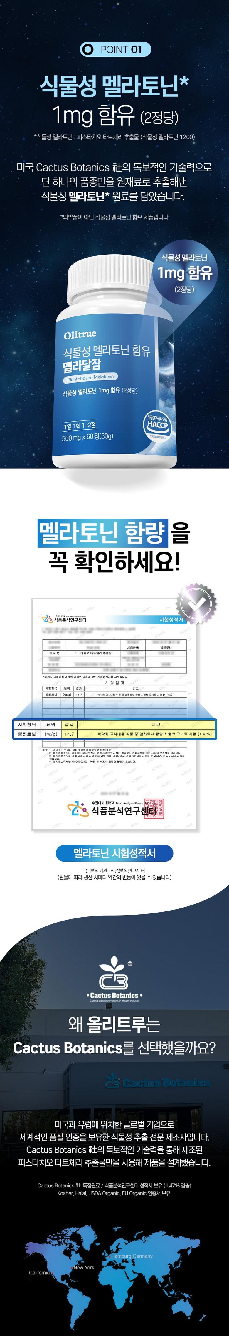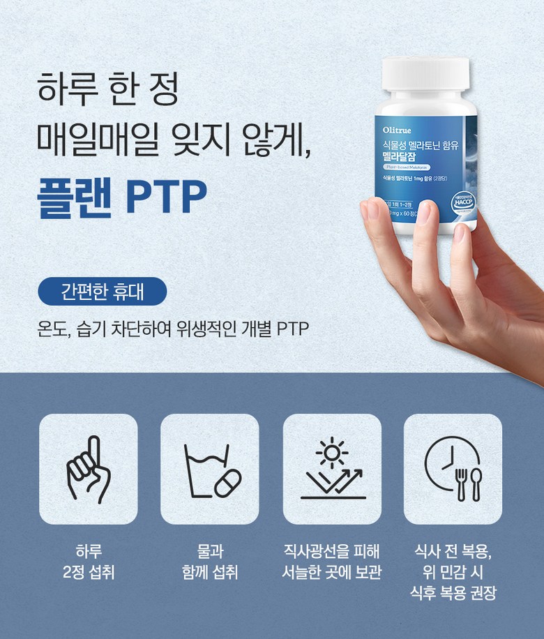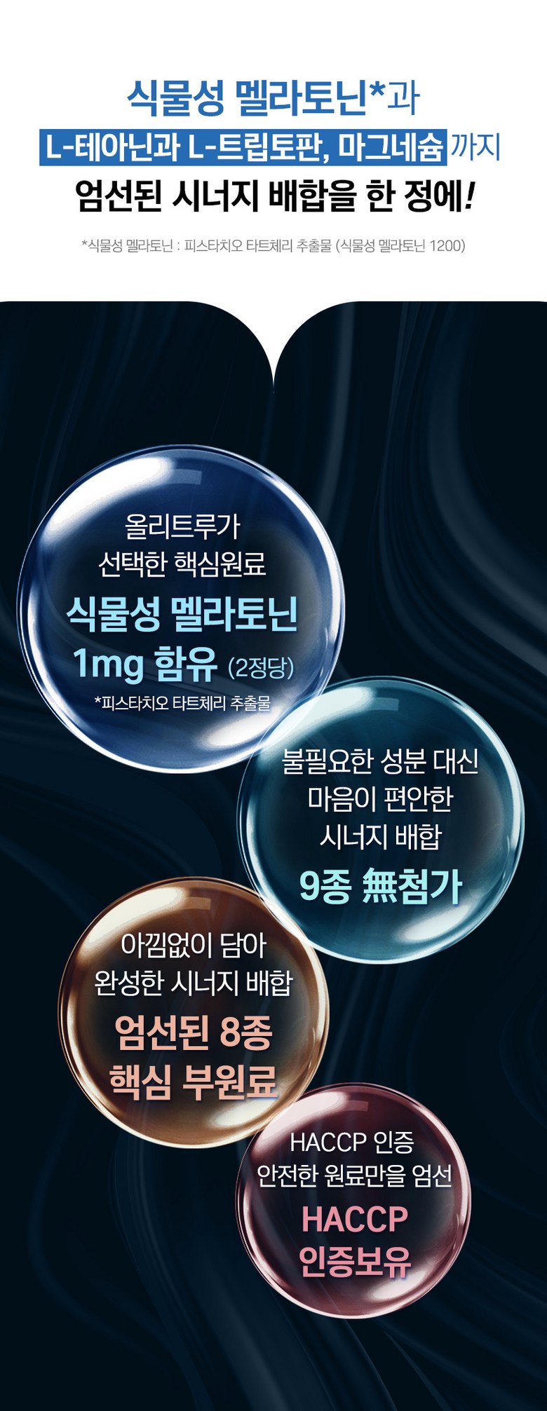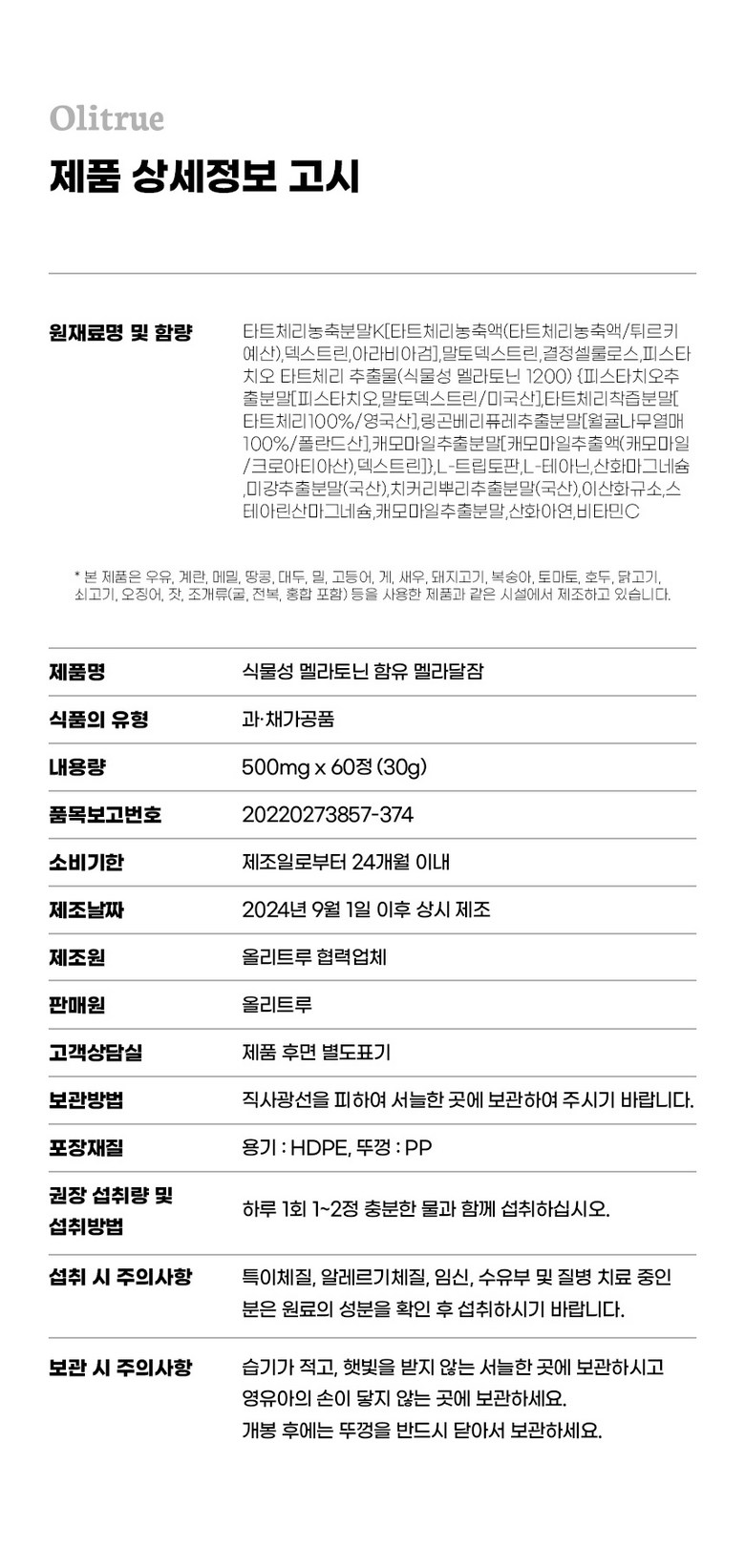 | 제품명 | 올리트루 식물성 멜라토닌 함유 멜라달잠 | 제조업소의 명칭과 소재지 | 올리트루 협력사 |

·····

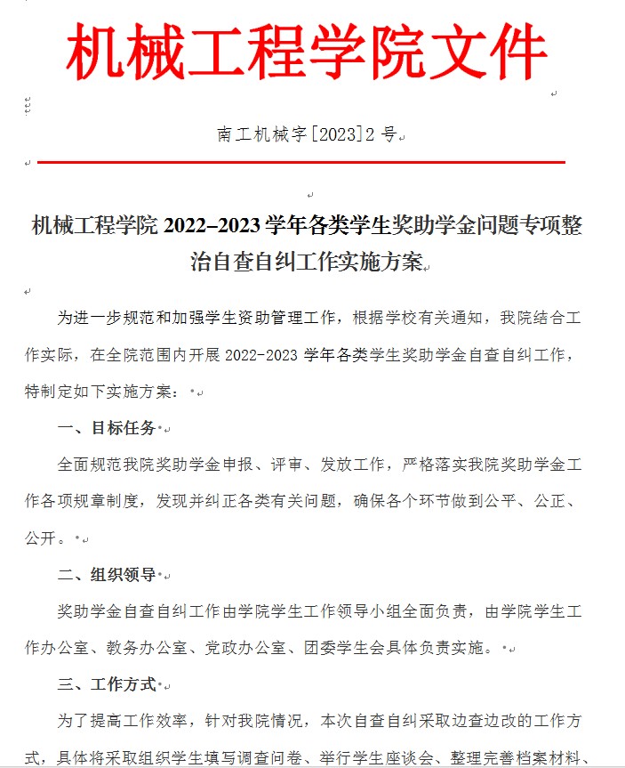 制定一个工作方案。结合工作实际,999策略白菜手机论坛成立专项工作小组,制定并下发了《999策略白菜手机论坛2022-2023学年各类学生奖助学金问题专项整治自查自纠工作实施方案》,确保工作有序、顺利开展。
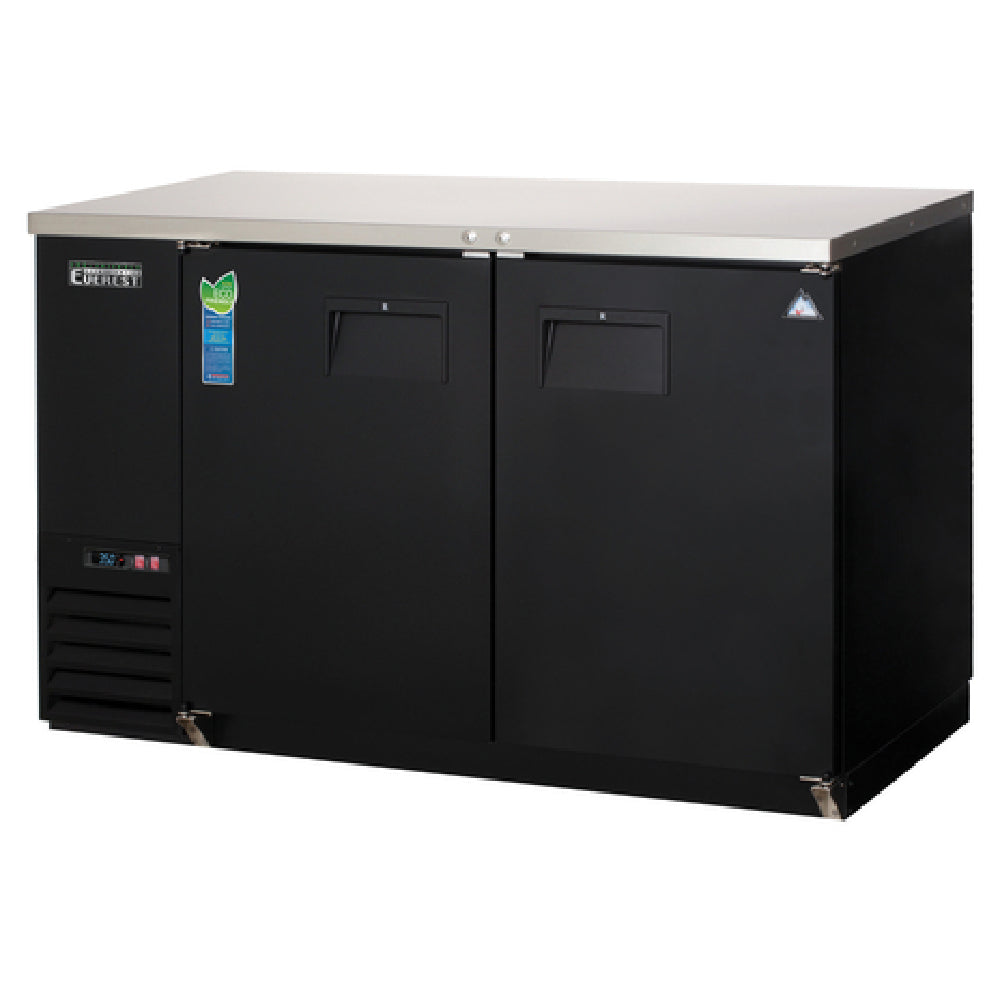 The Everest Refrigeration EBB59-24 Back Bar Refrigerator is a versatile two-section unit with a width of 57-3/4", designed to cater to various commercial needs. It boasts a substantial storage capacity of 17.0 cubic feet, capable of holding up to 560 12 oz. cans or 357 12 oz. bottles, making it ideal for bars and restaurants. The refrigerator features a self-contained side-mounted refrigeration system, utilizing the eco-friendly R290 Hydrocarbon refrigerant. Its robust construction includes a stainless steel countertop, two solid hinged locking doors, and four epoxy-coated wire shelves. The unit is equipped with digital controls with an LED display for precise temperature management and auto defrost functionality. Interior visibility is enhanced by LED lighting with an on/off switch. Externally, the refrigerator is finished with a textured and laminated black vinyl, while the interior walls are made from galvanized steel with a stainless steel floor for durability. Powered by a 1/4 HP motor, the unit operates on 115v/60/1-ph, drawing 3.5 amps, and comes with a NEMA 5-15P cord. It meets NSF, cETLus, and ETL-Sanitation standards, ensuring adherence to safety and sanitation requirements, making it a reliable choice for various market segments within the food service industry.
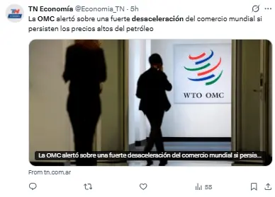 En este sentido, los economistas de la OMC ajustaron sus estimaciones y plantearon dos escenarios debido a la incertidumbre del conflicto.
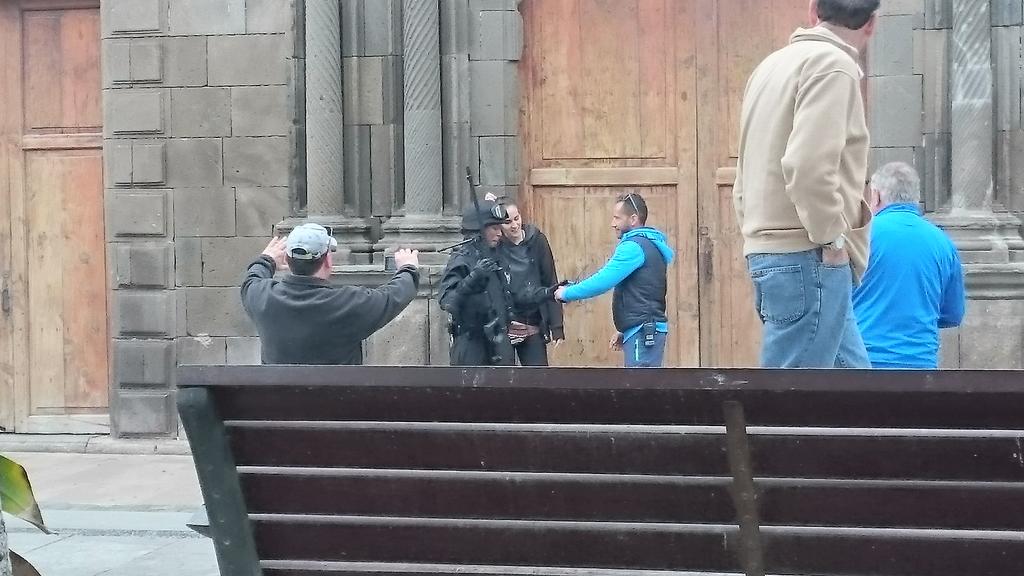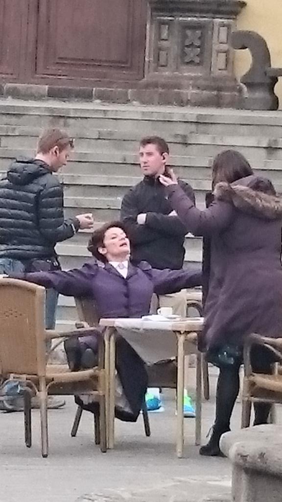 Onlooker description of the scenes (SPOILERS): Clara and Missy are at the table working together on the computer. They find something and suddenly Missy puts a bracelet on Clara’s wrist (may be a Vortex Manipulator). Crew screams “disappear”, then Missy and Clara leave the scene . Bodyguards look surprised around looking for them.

·····

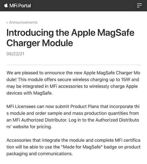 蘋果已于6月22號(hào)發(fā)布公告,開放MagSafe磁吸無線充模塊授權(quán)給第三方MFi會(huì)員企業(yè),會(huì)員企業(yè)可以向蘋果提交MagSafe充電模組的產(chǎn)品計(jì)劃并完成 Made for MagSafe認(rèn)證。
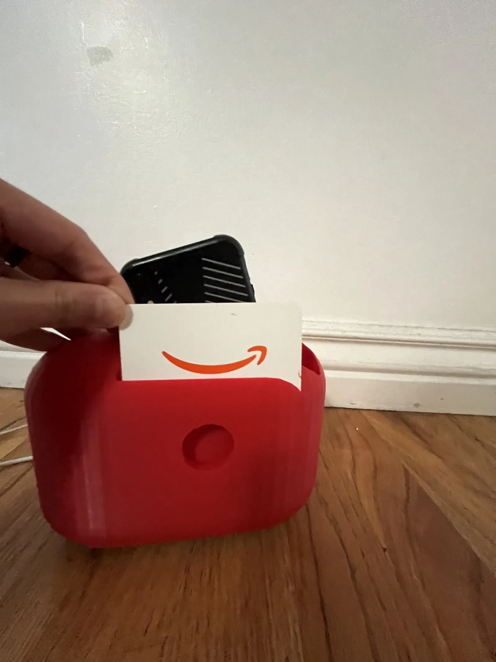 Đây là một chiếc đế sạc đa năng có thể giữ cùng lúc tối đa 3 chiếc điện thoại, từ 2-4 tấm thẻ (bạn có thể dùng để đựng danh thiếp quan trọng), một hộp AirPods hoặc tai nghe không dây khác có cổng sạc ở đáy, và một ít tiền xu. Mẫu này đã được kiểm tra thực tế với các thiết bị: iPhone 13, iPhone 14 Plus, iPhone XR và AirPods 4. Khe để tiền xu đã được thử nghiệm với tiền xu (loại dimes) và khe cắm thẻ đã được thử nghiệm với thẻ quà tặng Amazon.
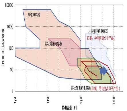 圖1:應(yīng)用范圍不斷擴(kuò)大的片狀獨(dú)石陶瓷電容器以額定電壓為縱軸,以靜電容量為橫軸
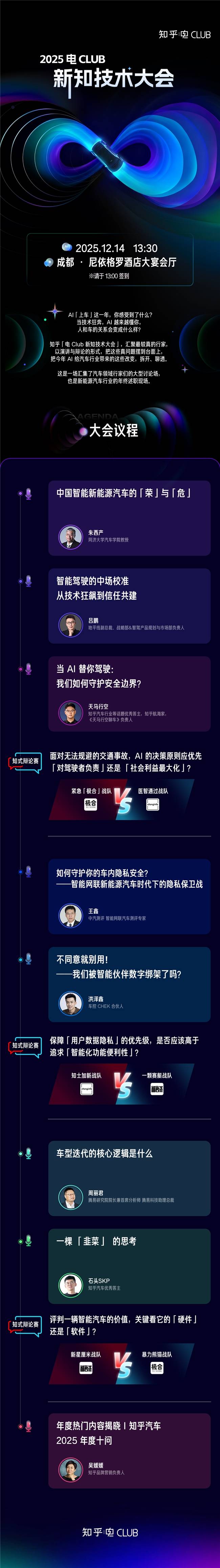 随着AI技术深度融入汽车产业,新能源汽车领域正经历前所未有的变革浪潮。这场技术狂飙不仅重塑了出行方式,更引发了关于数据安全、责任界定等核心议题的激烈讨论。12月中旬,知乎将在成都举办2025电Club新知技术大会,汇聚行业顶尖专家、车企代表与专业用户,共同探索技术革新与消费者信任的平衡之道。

·····

Find the line with "Đây là một chiếc" in the entries above. Set down exactly every line from it up to and including the line with "随着AI技术深度融入汽车产业", images excluded.

 Đây là một chiếc đế sạc đa năng có thể giữ cùng lúc tối đa 3 chiếc điện thoại, từ 2-4 tấm thẻ (bạn có thể dùng để đựng danh thiếp quan trọng), một hộp AirPods hoặc tai nghe không dây khác có cổng sạc ở đáy, và một ít tiền xu. Mẫu này đã được kiểm tra thực tế với các thiết bị: iPhone 13, iPhone 14 Plus, iPhone XR và AirPods 4. Khe để tiền xu đã được thử nghiệm với tiền xu (loại dimes) và khe cắm thẻ đã được thử nghiệm với thẻ quà tặng Amazon.
 圖1:應(yīng)用范圍不斷擴(kuò)大的片狀獨(dú)石陶瓷電容器以額定電壓為縱軸,以靜電容量為橫軸
 随着AI技术深度融入汽车产业,新能源汽车领域正经历前所未有的变革浪潮。这场技术狂飙不仅重塑了出行方式,更引发了关于数据安全、责任界定等核心议题的激烈讨论。12月中旬,知乎将在成都举办2025电Club新知技术大会,汇聚行业顶尖专家、车企代表与专业用户,共同探索技术革新与消费者信任的平衡之道。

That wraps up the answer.